Отчий дом

Ойген Шварц
Дом  был  деревянный,  большой,  старый,  с  небольшими, для  теплоты  и,  соответственно,  уюта  в  нем,  окнами,  убранными  удивительными  по  своей  красоте  резными  наличниками и с крыльцом на входе с небольшой крышей, которую поддерживала  кованная  железная  вязь,  тоже  замысловатая,  как и наличники.    Надо отметить, что дверь, как и окна, была небольшая, а точнее, невысокая с низкой притолокой. И все  из-за того, чтобы меньше пускать в дом холоду. А еще, когда хозяева входили в дом, то пригибались, чтобы не стукнуться о притолоку, и таким образом как бы кланялись дому и заодно жившему в нем ночному хозяину – домовому, чтобы тот не осерчал на домашних и не безобразничал в полночь.
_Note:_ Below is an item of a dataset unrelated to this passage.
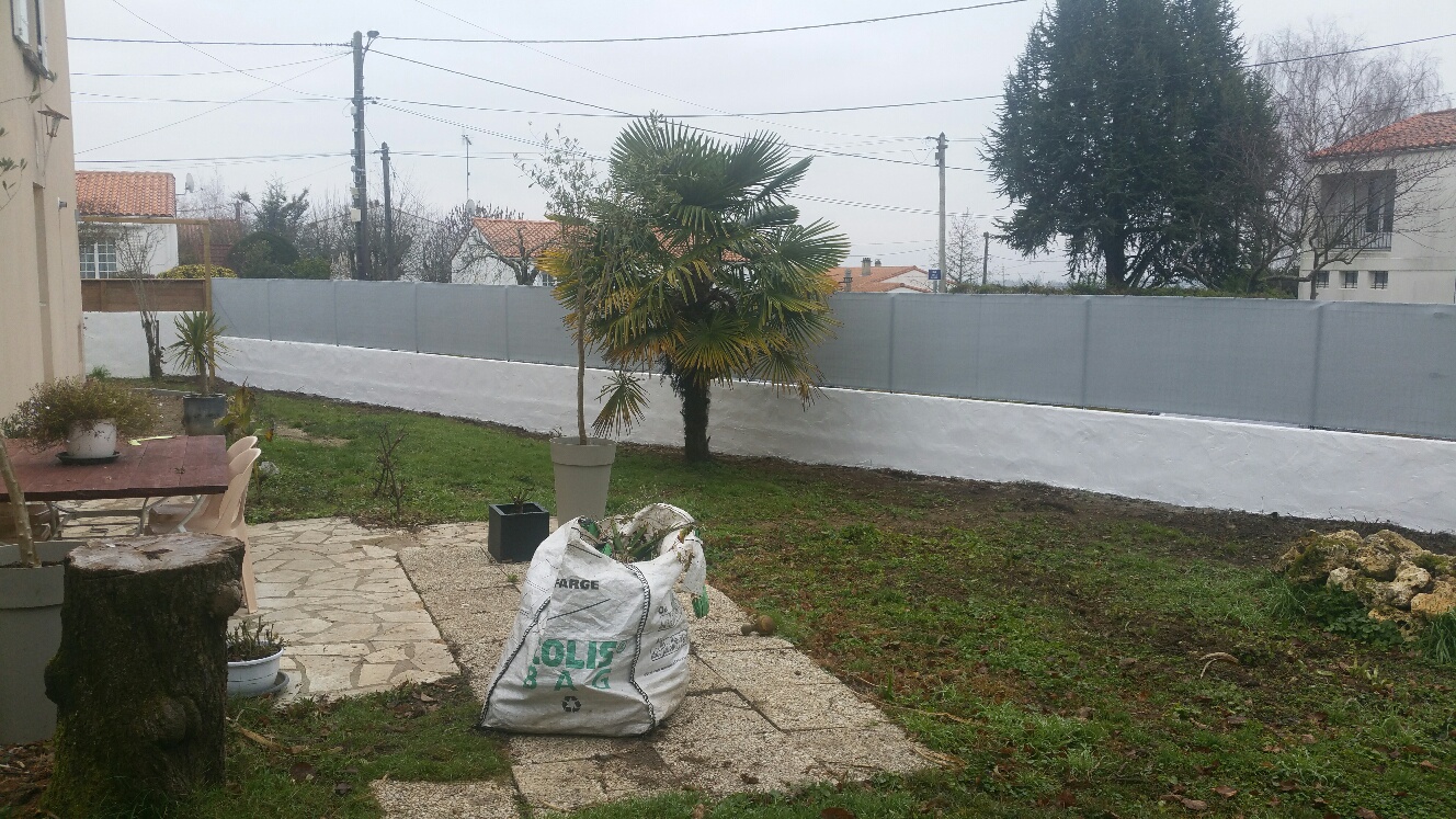 L'ancien propriétaire ayant totalement négligé l'aménagement extérieur, j'ai acheté en toute connaissance de cause, conscient du boulot que j'aurai à accomplir. Un "début de travaux" peut parfois décourager quant à la tâche à accomplir, dans la boue, sous la flotte, en plein cagnard, pendant des heures, des jours, des semaines. Je me souviens avoir commencé au mois d'août sous 30 degrés et quasiment achevé le plus gros du chantier fin novembre sous une pluie battante. Il ne faut pas compter son temps, et appeler des potes à l'aide le week-end, des paires de bras supplémentaires pour les allers-retours brouette, on bouffe ensemble, on se fait plaisir, pour nous, pour s'approprier un joli espace dont on profitera aux beaux jours. La fierté de l'avoir fait soi-même est la plus belle récompense.
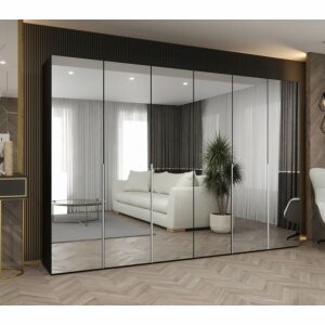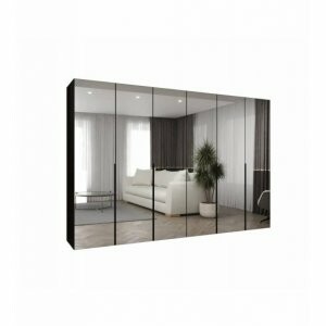 Szafa Almera Duo 300 czarny mat to nowoczesny i efektowny mebel, który łączy ogromną pojemność z eleganckim designem. Lustrzane fronty czynią ją nie tylko praktyczną, ale również wyjątkowo dekoracyjną częścią wnętrza.

       Дом  от  непогоды,  которая  исхлестала  его  холодными  дождями, морозами да метелями с вьюгами за все то долгое время, что он стоял, посерел, как седеет со временем крепкий мужик. Но, несмотря на все невзгоды и пролетевшие годы, дом все же хорошо сохранился и выглядел неплохо для своих лет.
     Поставили его в свое время настоящие мастера своего дела, еще той старинной, многовековой выучки, когда пил-то и не было,  все  топором  рубили,  передавалась  она  от  дедов  к  отцам, а от них и к внукам. В те стародавние времена было довольно еще много дубовых  рощ  в  наших  лесостепных  краях,  шумевших  среди  полей. Тому подтверждение и название деревни в небольшом лесу, где мастера долго выбрали нужные деревья для Дома.
   Они вначале осматривали выбранное дерево: нет ли дупел, ровен ли ствол. Постукивали обухом топора по нему и, прижавшись к стволу ухом, слушали, как он звучит, или, как они говорили, «поет». Нет ли в стволе гнилых пустот или другой какой червоточины. По каждому стволу совещались и лишь после этого валили выбранное дерево.  Прозывалась та деревня по имени того леса – Дубы, и находилась она в несколько десятках верст от мест, где предстояло
стоять  Дому.                Так  что  наше  село  всем  миром  собирало  обоз на перевозку бревен для стройки. А предстояло стоять Дому в большом многолюдном селе с довольно необычным названием  Выселки-без  Дона-Ветчинские,  а  сокращенно  просто Ветчинкино.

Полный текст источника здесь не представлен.